A more concise `repr`:

In [14]:
awkward_array

<Array [[{x: 1.1, y: [1]}, ..., {...}], ...] type='3 * var * ?{x: ?float64,...'>

that can be expanded out:

In [15]:
awkward_array.show()

[[{x: 1.1, y: [1]}, {x: 2.2, y: [...]}, {x: 3.3, y: [1, 2, 3]}],
 [],
 [{x: 4.4, y: [1, 2, 3, 4]}, {x: 5.5, y: [1, ..., 5]}]]


including the data type:

In [16]:
awkward_array.type.show()

3 * var * ?{
    x: ?float64,
    y: option[var * ?int64]
}


<br><br><br>

Just as with Arrow, you can peek inside an Awkward Array to see its internal structure.

It's a tree with Arrow's `buffers` at various nodes of the tree.

In [17]:
awkward_array.layout

<ListOffsetArray len='3'>
    <offsets><Index dtype='int32' len='4'>[0 3 3 5]</Index></offsets>
    <content><UnmaskedArray len='5'>
        <content><RecordArray is_tuple='false' len='5'>
            <content index='0' field='x'>
                <UnmaskedArray len='5'>
                    <content><NumpyArray dtype='float64' len='5'>[1.1 2.2 3.3 4.4 5.5]</NumpyArray></content>
                </UnmaskedArray>
            </content>
            <content index='1' field='y'>
                <UnmaskedArray len='5'>
                    <content><ListOffsetArray len='5'>
                        <offsets><Index dtype='int32' len='6'>
                            [ 0  1  3  6 10 15]
                        </Index></offsets>
                        <content><UnmaskedArray len='15'>
                            <content><NumpyArray dtype='int64' len='15'>
                                [1 1 2 1 2 3 1 2 3 4 1 2 3 4 5]
                            </NumpyArray></content>
                        <

<br><br><br>

Most importantly, you can use the array as you would in NumPy.

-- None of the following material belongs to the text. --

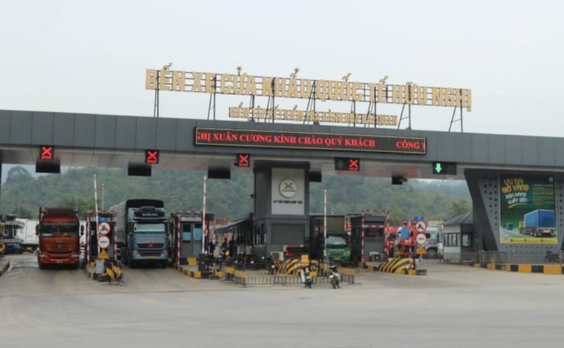 Phương tiện chở hàng xuất nhập khẩu lưu thông qua bến bãi khu vực cửa khẩu Quốc tế Hữu Nghị, tỉnh Lạng Sơn.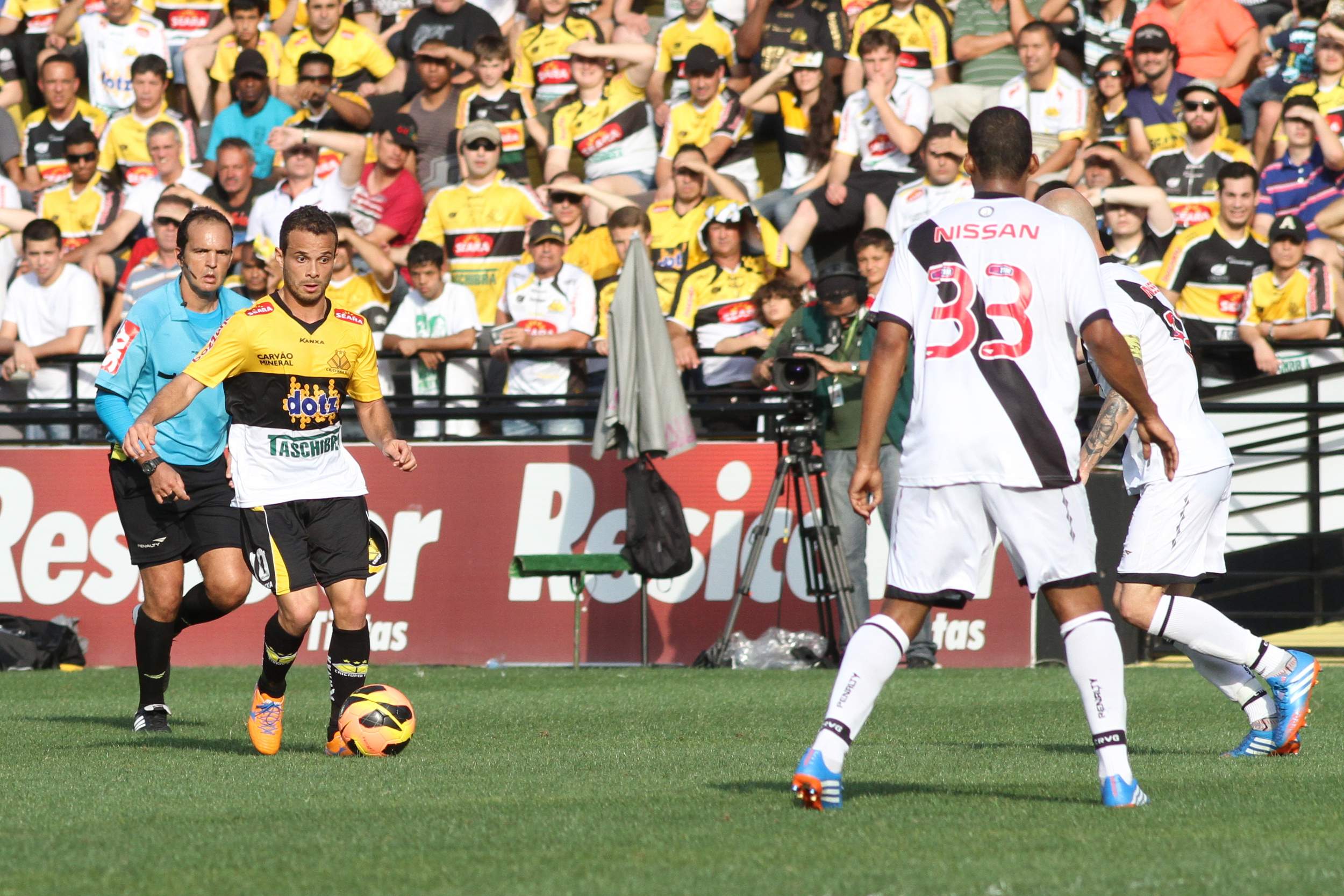 O Criciúma recebeu o Vasco da Gama na tarde deste domingo (13/10) e conquistou mais três pontos no estádio Heriberto Hulse. Com o apoio da torcida, o Tigre venceu a equipe carioca pelo placar de 3 a 2 e ganhou uma posição na tabela de classificação do Campeonato Brasileiro da Série A. Os gols do Criciúma foram marcados por Wellington Paulista (2) e Lins. Com o resultado o Tigre chegou aos 32 pontos na competição.

**Slicing through a record field:**

In [18]:
awkward_array.show()

[[{x: 1.1, y: [1]}, {x: 2.2, y: [...]}, {x: 3.3, y: [1, 2, 3]}],
 [],
 [{x: 4.4, y: [1, 2, 3, 4]}, {x: 5.5, y: [1, ..., 5]}]]


In [19]:
awkward_array["x"].show()

[[1.1, 2.2, 3.3],
 [],
 [4.4, 5.5]]


**Slicing multiple dimensions at once:**

In [20]:
awkward_array["x", [True, False, True]].show()

[[1.1, 2.2, 3.3],
 [4.4, 5.5]]


In [21]:
awkward_array["x", [True, False, True], 1].show()

[2.2,
 5.5]


**Mathematical expressions on the numerical values, preserving structure:**

In [22]:
np.sqrt(awkward_array).show()

[[{x: 1.05, y: [1]}, {x: 1.48, y: ..., ...}, {x: 1.82, y: [1, ..., 1.73]}],
 [],
 [{x: 2.1, y: [1, 1.41, 1.73, 2]}, {x: 2.35, y: [1, ...]}]]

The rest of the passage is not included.